● **Your objective**: Transcribe the data as written, minus images.

● **Collected data**:
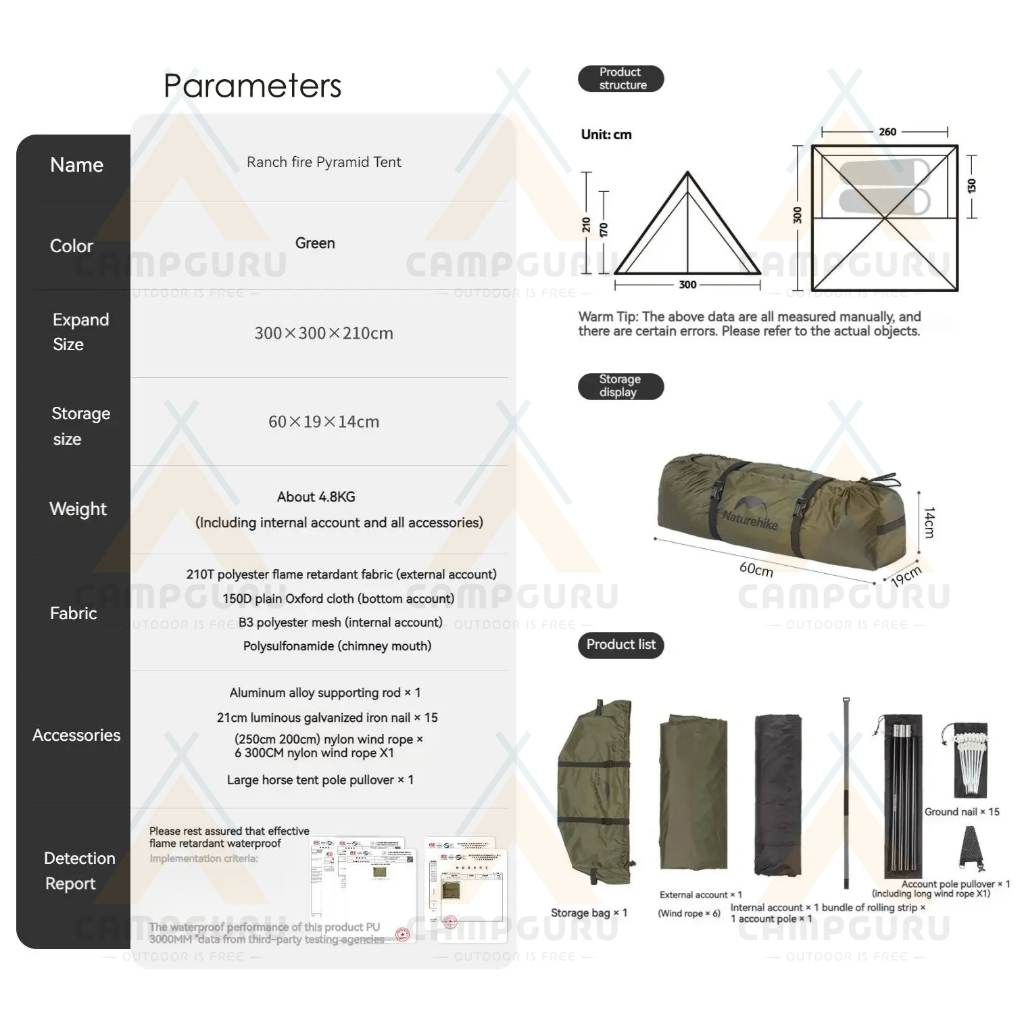 Naturehike Ranch Fire Pyramid Tent 2 person Teepee Tent CNK2300ZP025 Flame Retardant Fabric Anti Mosquito Camping
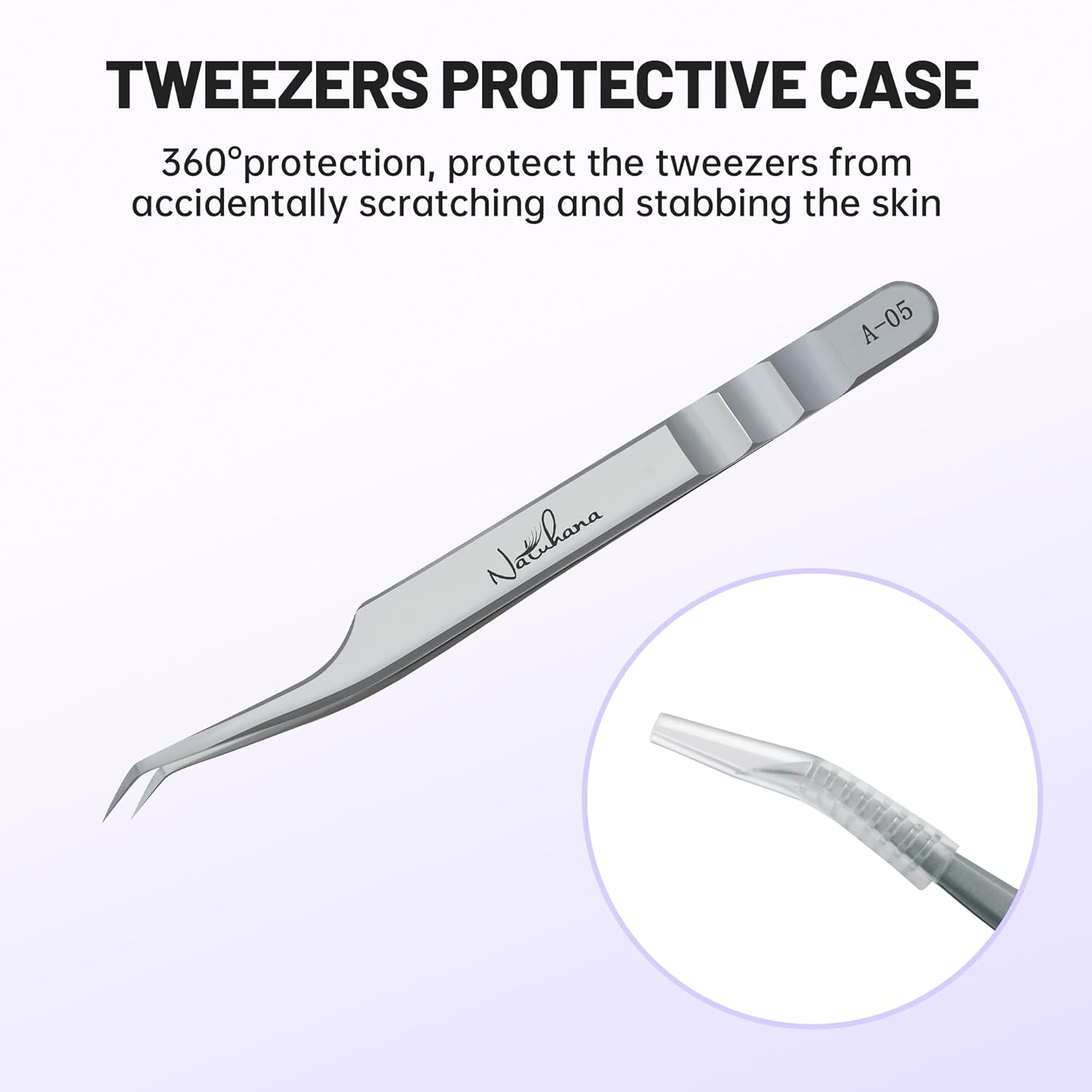 - ☪[Usage Safety]Our tweezers have protective case,bring a 360°protection,protect the tweezers from accidentally scratching and stabbing the skin.Another humanized design is its smooth grinding of corners,make it long-lasting grip without hurting or tiring hands. It is really a good helper for beginners to graft eyelashes.
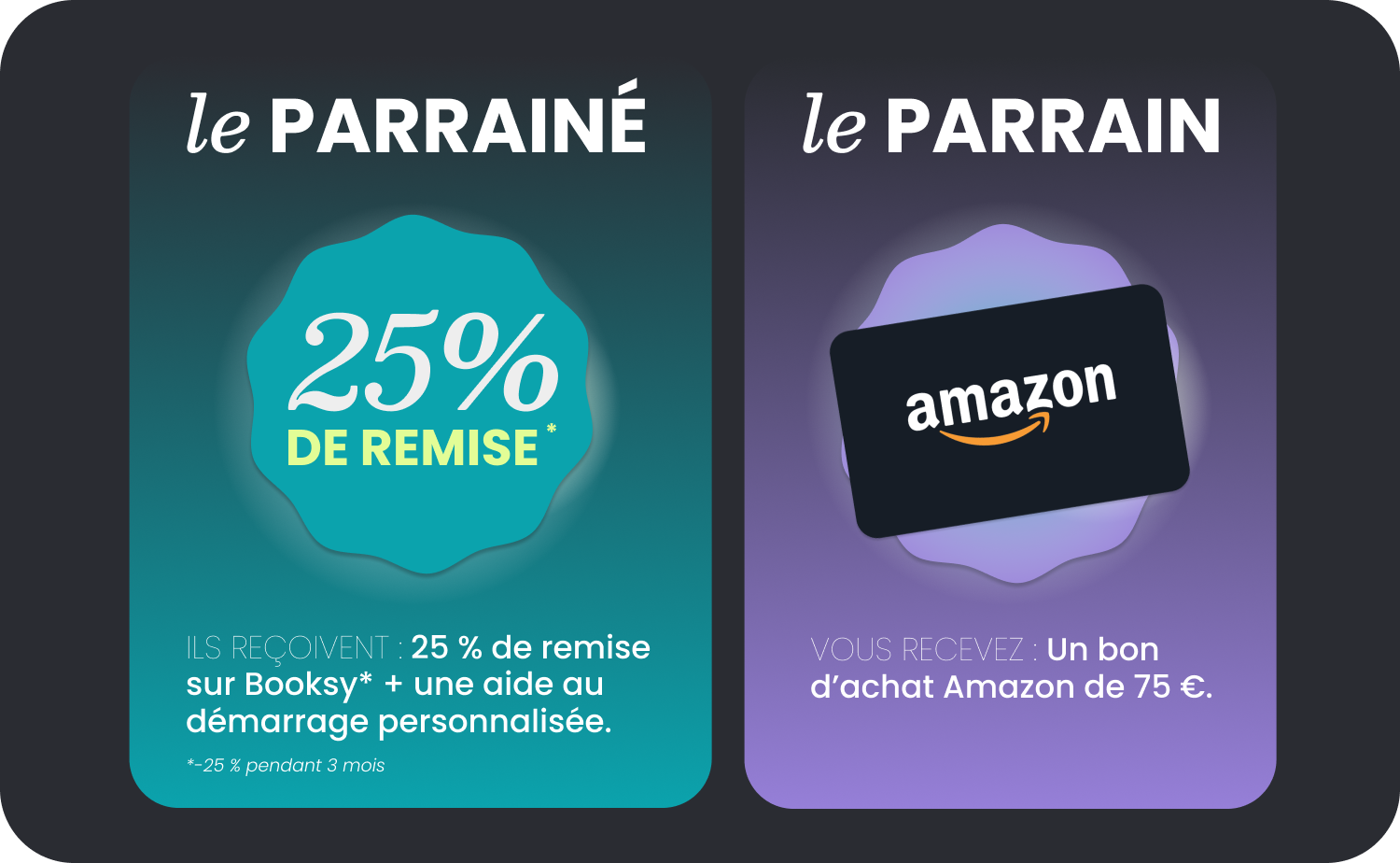 Aidez vos ami(e)s à développer leur activité. Nous leur offrons une remise de 25 %*. Recevez un bon d’achat Amazon de 75 €.

● **Answer to this problem**:
 Naturehike Ranch Fire Pyramid Tent 2 person Teepee Tent CNK2300ZP025 Flame Retardant Fabric Anti Mosquito Camping
 - ☪[Usage Safety]Our tweezers have protective case,bring a 360°protection,protect the tweezers from accidentally scratching and stabbing the skin.Another humanized design is its smooth grinding of corners,make it long-lasting grip without hurting or tiring hands. It is really a good helper for beginners to graft eyelashes.
 Aidez vos ami(e)s à développer leur activité. Nous leur offrons une remise de 25 %*. Recevez un bon d’achat Amazon de 75 €.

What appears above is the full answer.